Mathias has no money, but Mathilde allows him to stay in the apartment in exchange for his father's gold watch. That night, Mathias encounters Mathilde's daughter, Chloé, and learns she is living there, too; she is initially hostile toward him. Chloé invites Mathias to a café, and he invites developer François Roy, who has already discussed buying the apartment with him, to join them. Roy, whom Chloé already knows and despises, offers to buy Mathias's contract from him; Mathias asks for a week to consider the offer. Chloé tells Mathias that if he accepts the offer, she will be thrown out on the street when her mother dies. Mathias eventually accepts Roy's offer pending signature of the contract.

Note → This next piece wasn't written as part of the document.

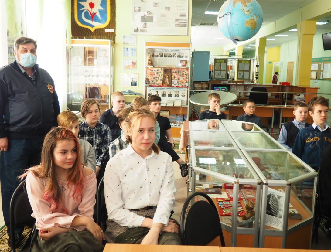 Встреча была приурочена к 35-летию трагедии на Чернобыльской АЭС. В школе есть небольшой музей, посвящённый становлению ракетных войск и их создателям, есть в нём и раритеты из далёкого советского прошлого. Вот в этом месте и прошло мероприятие, посвящённое трагедии на Чернобыльской АЭС.

Mathias learns Mathilde and his father had a long-lasting affair that began when they were young; she was married to a wealthy businessman, while Mathias's father was penniless and had only just met his mother. Mathilde stayed with her husband for Chloé's sake. Mathias tells Mathilde how her affair with his father affected him: he felt unloved and ignored, so he turned to drink and had a string of failed marriages, even trying to commit suicide at age 40. Mathilde says she never saw his father again after Mathias's mother died.

Chloé is having an affair with a married man, which Mathias discovers and even tries to use to blackmail her into waiving his monthly payments. Reflecting upon how her mother's affair affected her and Mathias, Chloé breaks off her own. She tells Mathias she was 10 when she became aware of what was going on, but could do nothing about it. Mathias replies that at that same age, he had to act to prevent his mother from committing suicide. She tries to console him, but he pushes her away.

Mathilde seeks to assuage her guilt by claiming that Mathias's mother must have known and even approved of her affair with his father. When he informs Mathilde that his mother attempted suicide several times before finally succeeding when he was 19, she collapses from shock, having been told his mother died from an illness.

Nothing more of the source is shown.